***** GIVEN INFORMATION *****

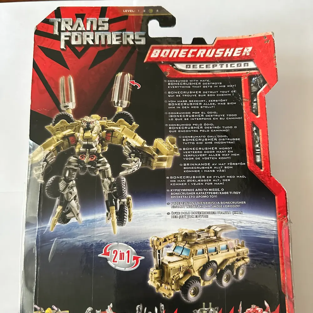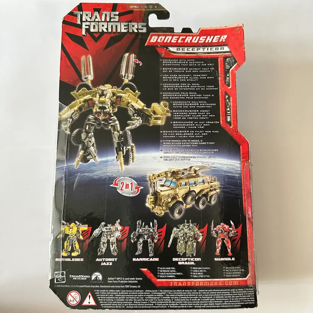 Transformers Movie Mainline Bonecrusher figürü ile Transformers mainline koleksiyonunuzu tamamlayın. İlk film oyuncakları arasında en beğenilen figürler arasında olup tank tasarımıyla ön plana çıkmaktadır. Koleksiyon değer yüksek bir figürdür. Robot modundan zırhlı yıkım aracı moduna dönüşmektedir. Tasarım açısından çok detaylı parçaları bulunmakla birlikte dönüşüm aşamaları çok keyiflidir. Sergilemesi çok güzel bir figürdür.
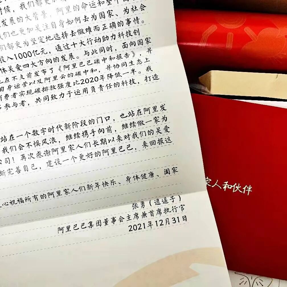 阿里巴巴延续每年的传统,为所有员工准备了一份精美的“阿里家书”礼盒。今年,7万名阿里人亲手制作了明信片,作为一份给亲友的小惊喜,随家书一起寄回家,显得格外有心意。
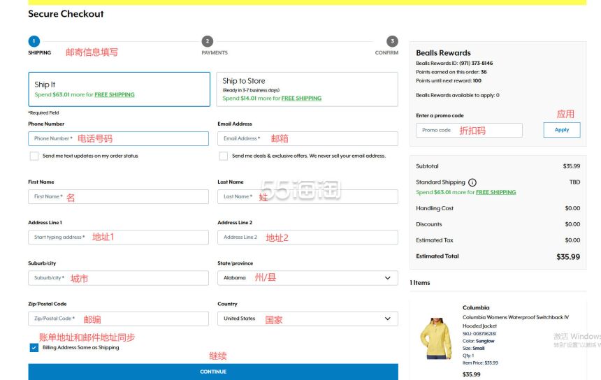 7. 首先来填写邮寄地址,网站不支持直邮中国,所以地址填写需要参考转运公司的地址,有折扣码可以添加折扣码使用,账单地址可勾选和邮寄地址相同,填写之后点击“CONTINUE”进行下一步。
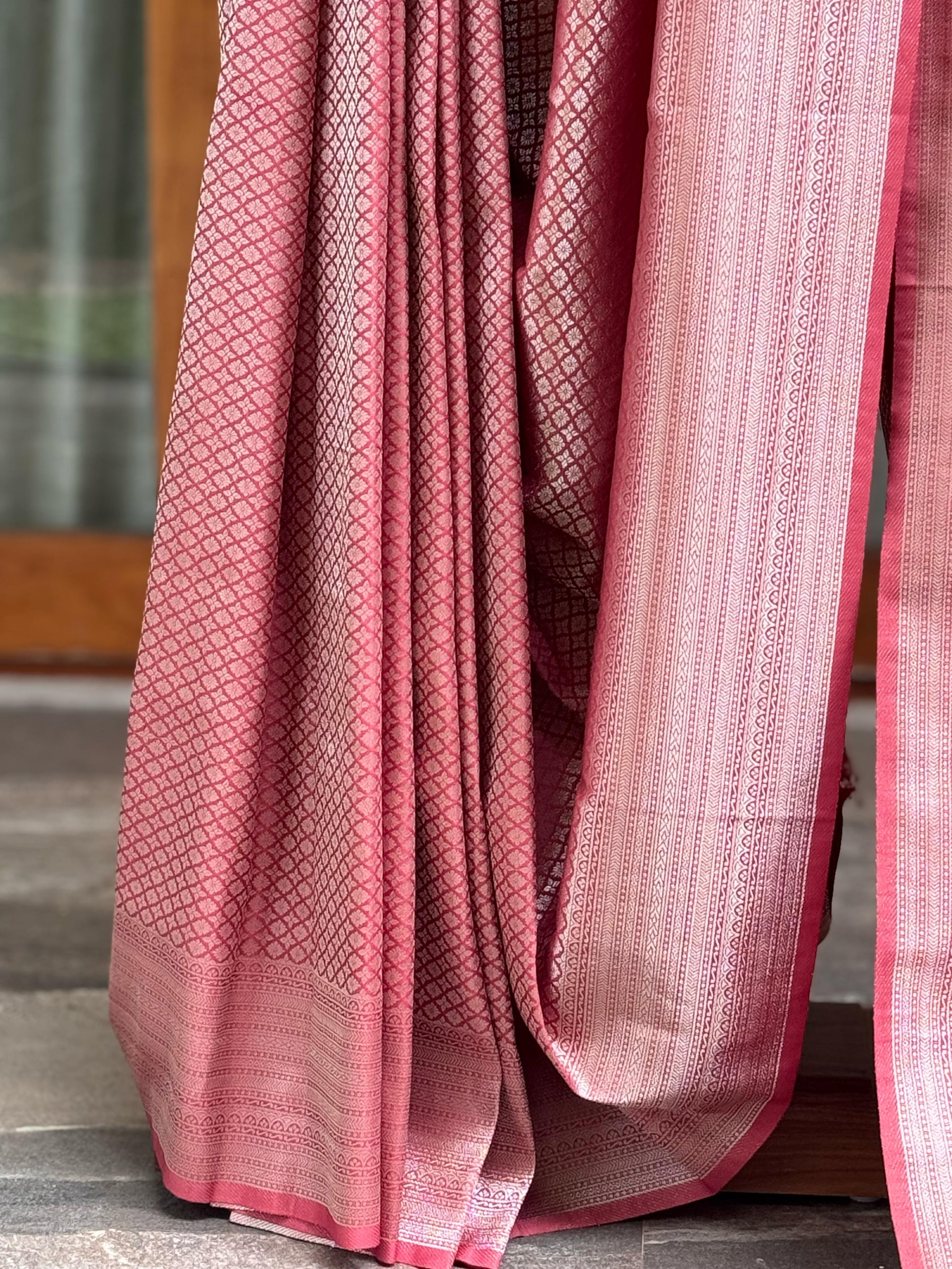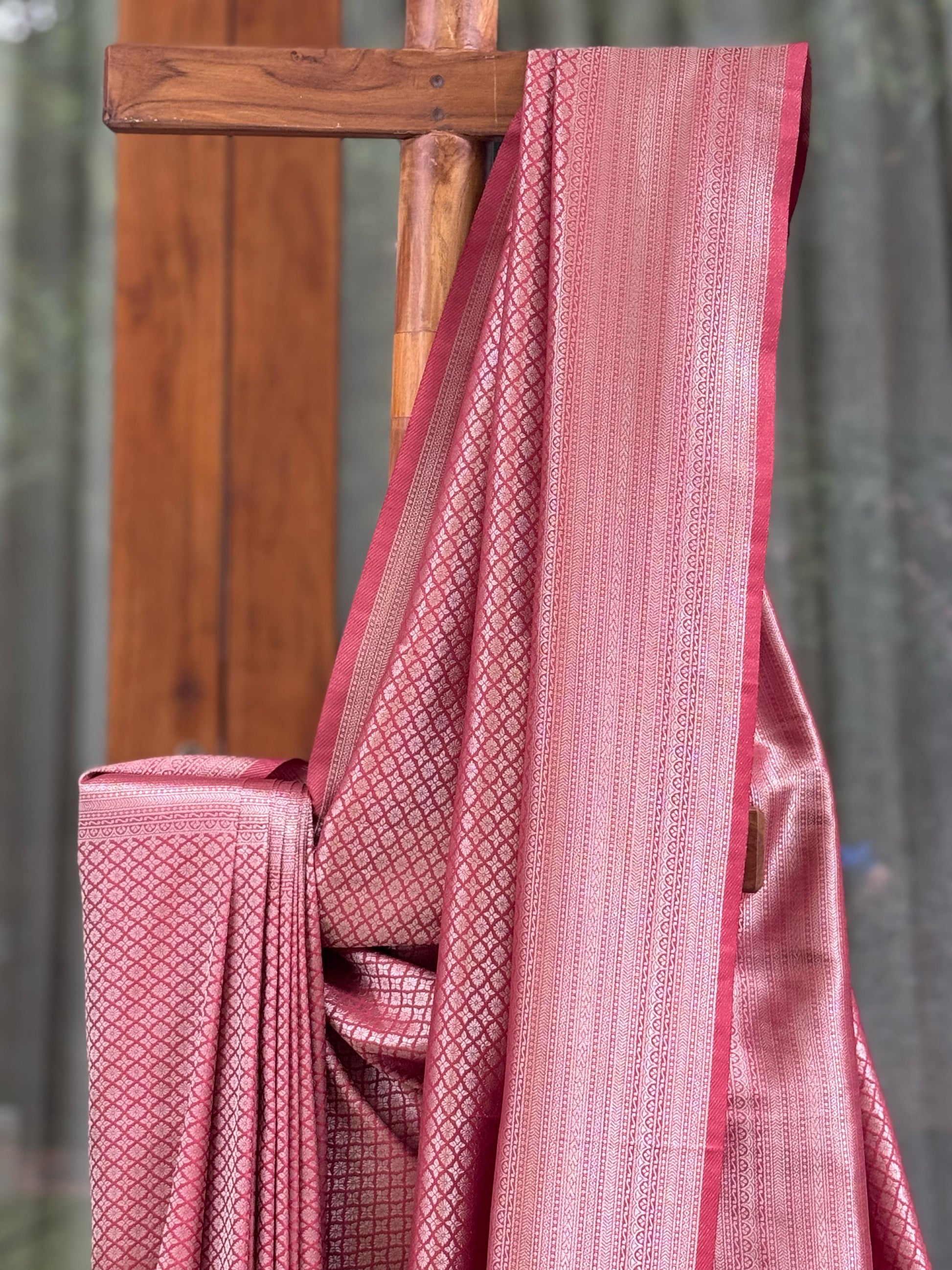 Complementing the saree is a matching pastel red blouse piece, also featuring brocade work, ensuring a cohesive and graceful finish. The blouse's elegant texture adds to the overall regal aesthetic, while allowing space for custom tailoring and styling.

*****

:: ACTIVITY ::
Return the whole listing word for word. Pictures stay out of it.

:: EXERCISE SOLUTION ::
 Transformers Movie Mainline Bonecrusher figürü ile Transformers mainline koleksiyonunuzu tamamlayın. İlk film oyuncakları arasında en beğenilen figürler arasında olup tank tasarımıyla ön plana çıkmaktadır. Koleksiyon değer yüksek bir figürdür. Robot modundan zırhlı yıkım aracı moduna dönüşmektedir. Tasarım açısından çok detaylı parçaları bulunmakla birlikte dönüşüm aşamaları çok keyiflidir. Sergilemesi çok güzel bir figürdür.
 阿里巴巴延续每年的传统,为所有员工准备了一份精美的“阿里家书”礼盒。今年,7万名阿里人亲手制作了明信片,作为一份给亲友的小惊喜,随家书一起寄回家,显得格外有心意。
 7. 首先来填写邮寄地址,网站不支持直邮中国,所以地址填写需要参考转运公司的地址,有折扣码可以添加折扣码使用,账单地址可勾选和邮寄地址相同,填写之后点击“CONTINUE”进行下一步。
 Complementing the saree is a matching pastel red blouse piece, also featuring brocade work, ensuring a cohesive and graceful finish. The blouse's elegant texture adds to the overall regal aesthetic, while allowing space for custom tailoring and styling.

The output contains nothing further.